Probably there is no such a person who has never got his or her computer infected by any virus. Such accidents always resulted in some troubles which sometimes caused in some important and sensitive information loss. However not all the people know that there are some laws and therefore some services that can help you and punish the intruders. In today’s article published by the IBLS.com decided to focus on this issue that should definitely be interesting for our readers.
The Computer Fraud and Abuse Act- CFAC, 18 USC § 1030, regulates fraud and related activities in connection with computers. This United States federal statute lists several criminal conducts committed through the use of a computer. For instance, one of the criminal conducts the CFAC sanctions is the damage caused to a computer system through violation of programs or passwords.
The Computer Fraud and Abuse Act, 18 USC § 1030(a)(5)(A), punishes any person who knowingly causes the transmission of a program, information, code, or command, and as a result of such conduct, intentionally causes damage without authorization, to a protected computer. This specific computer fraud crime requires "proof that the defendant knowingly causes the transmission of a program, information, code, or command, and as a result of such conduct, intentionally causes damage without authorization, to a protected computer." 18 USC § 1030(a)(5)(A)(i). This definite computer fraud conduct is mainly committed by trusted employees; that is, those entrusted with the company's computer system or main database.
Thus, one of the essential elements of this crime is the "transmission" of a program or code that intentionally causes damage to a protected computer. Proving the transmission of such program, code, or information is difficult and requires expensive computer forensic evaluations. How does the prosecution know who transmitted the criminal program or command? Also, disparity in prosecution of this crime may arise among the U.S. court of appeals. Under the 9th Circuit Court of Appeals, "to prosecute crimes involving the element of "transmission," the government must offer sufficient proof that the person charged is the same person who sent the transmission. Circumstantial evidence is sufficient to prove that the transmission has occurred." United States v. Shea, 493 F.3d 1110, (Ct. App. 9th Cir. 2007).
In the Shea case, the defendant was an employee of a debt collection company, who managed the company"s database operating system. Defendant's relation with the company deteriorated and defendant was fired. Later, the company realized its database had mismatch information, and social securities were deleted or altered. The company discovered, after two months of technical investigation and the payment of high expert fees, that the company's database was corrupted by the transmission of a malicious program. The malicious program was related to passwords associated with defendant when he was employed by this company. Defendant denied corruption of the company's database and claimed that the court had insufficient evidence to find him guilty. On appeal, the court held that there was sufficient evidence to support defendant's conviction, despite the possibility that other person might have accessed the company's computer system.

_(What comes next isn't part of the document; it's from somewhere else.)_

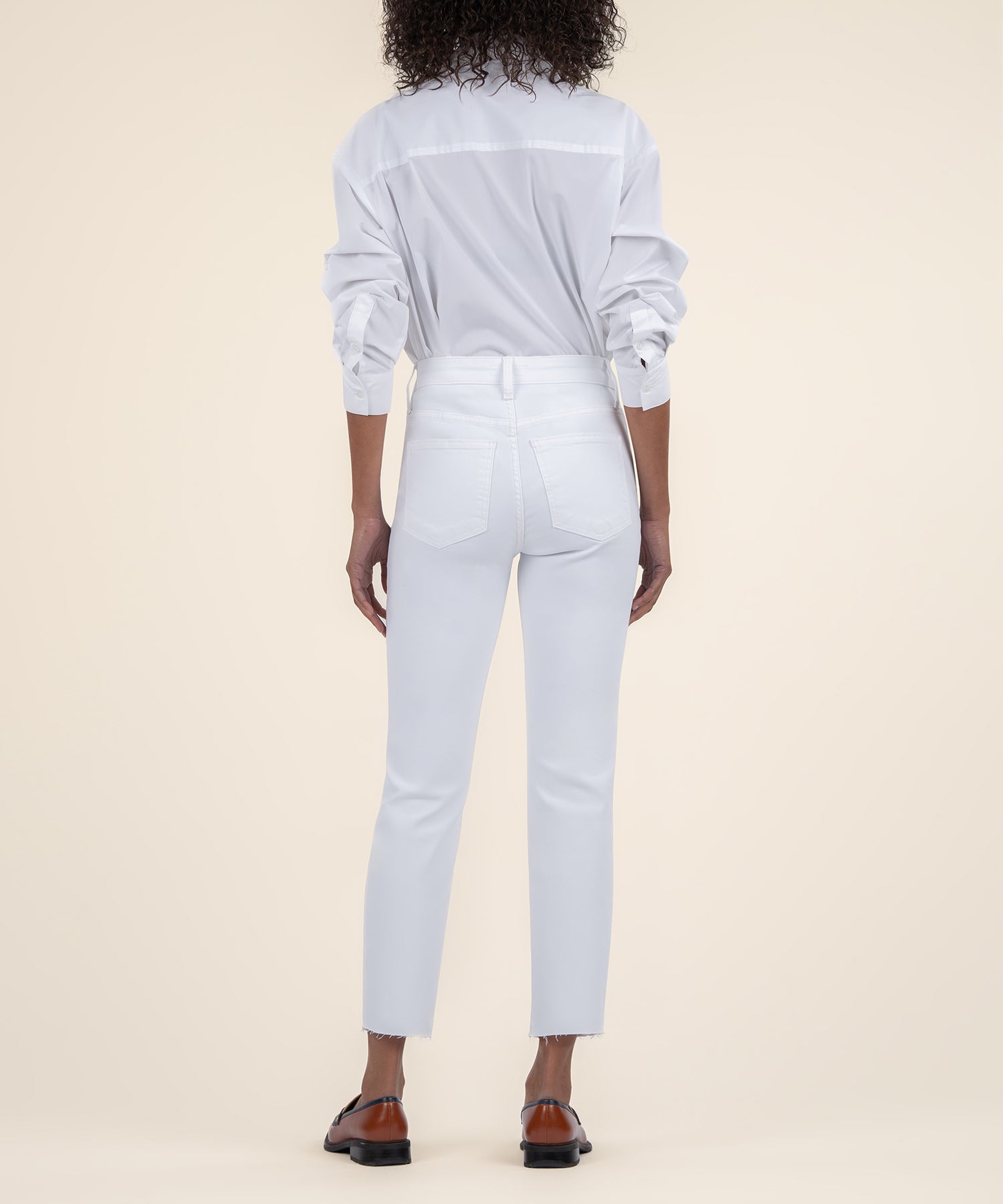 - These bright-white mom jeans offer a fresh, modern take on a relaxed silhouette, with a high-rise fit that feels as good as it looks. Fab Ab front pockets gently shape and smooth for a flattering finish, while the raw hem adds just the right edge. Made from low-stretch denim, they hold their shape while keeping your look effortlessly polished.

The court of appeals acknowledged that analysis of the "transmission" element and its required proof was a novel issue for the court under the specific provisions of 18 USC § 1030(a) (5) (A). Yet, the court interpreted the word transmission under this provision by assimilating this term with the wire fraud crime, which also requires the element of transmission. Thus, the court used the Wire Fraud Act interpretation of the word transmission and held that "circumstantial evidence is sufficient to prove that the transmission has occurred." Therefore, the analysis concentrated on the prosecution proof that transmissions were associated to defendant's passwords, despite the employee's claim that the network was not secured and that other employees could have accessed those passwords.
This specific computer crime requires careful analysis of the word transmission under the specific jurisdiction a defendant is accused. Specifically, whether the weigh that given to circumstantial evidence under a particular jurisdiction.